In the Cascade Mountains

In the morning we were off for the Cascade Mountains and the town of Leavenworth. As we drove along through the mountains, we were amazed at how much water there wass in the state. Everywhere you look you find rivers, lakes, ponds, creeks, and pools of water -- all clean and fresh and bubbling. Behind the water rise the snow-capped mountains making every turn of the road something from a picture postcard.

We had been told that the road from Seattle to Leavenworth drove through the Cascade Mountains and that we would drive through some picturesque countryside, but nothing prepared me for the natural beauty that was our constant companion on the two and a half hour drive. Around every turn we found a scene that was even prettier than the last. The snow-capped mountains, the towering trees, and the ever present bodies of water made the drive an absolutely delightful experience.

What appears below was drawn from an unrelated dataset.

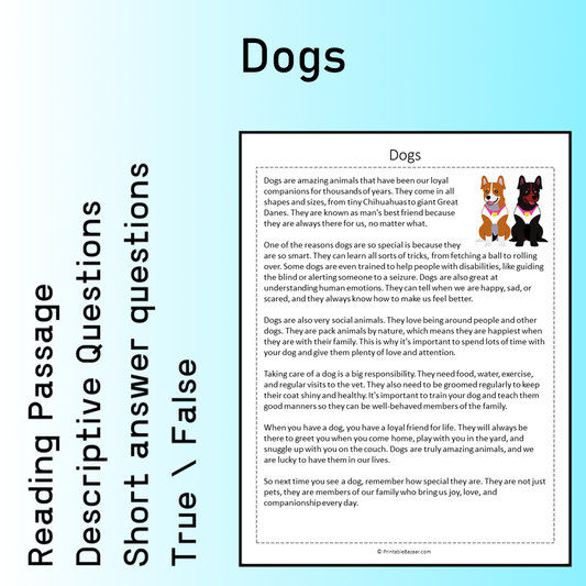 Dogs | Reading Comprehension Passage Printable Worksheet

Although we could have paused every five minutes to take pictures and soak in the scenery, we limited our stops to two. The first was at a roadside restaurant that was located on the banks of a lake. The highway ran through a valley between high mountains, and alongside the road the blue waters of a lake created a scene of such perfect harmony we had to stop and contemplate it.

Around a bend

The most incredible thing was that this wasn't a single spot that people flocked to in order to see its beauty. No, this was just a bend in the road, a small restaurant for passersby to have a bite to eat next to a small lake--nothing spectacular, just one of many.

Small roadside restaurant

No one else even seemed to notice as they drove by. And little wonder because everything we saw at that point was just what we had seen around the previous corner, or up the last hill.   It is so strange to think that beauty like that may lack admirers simply because it isn't rare in that part of the world.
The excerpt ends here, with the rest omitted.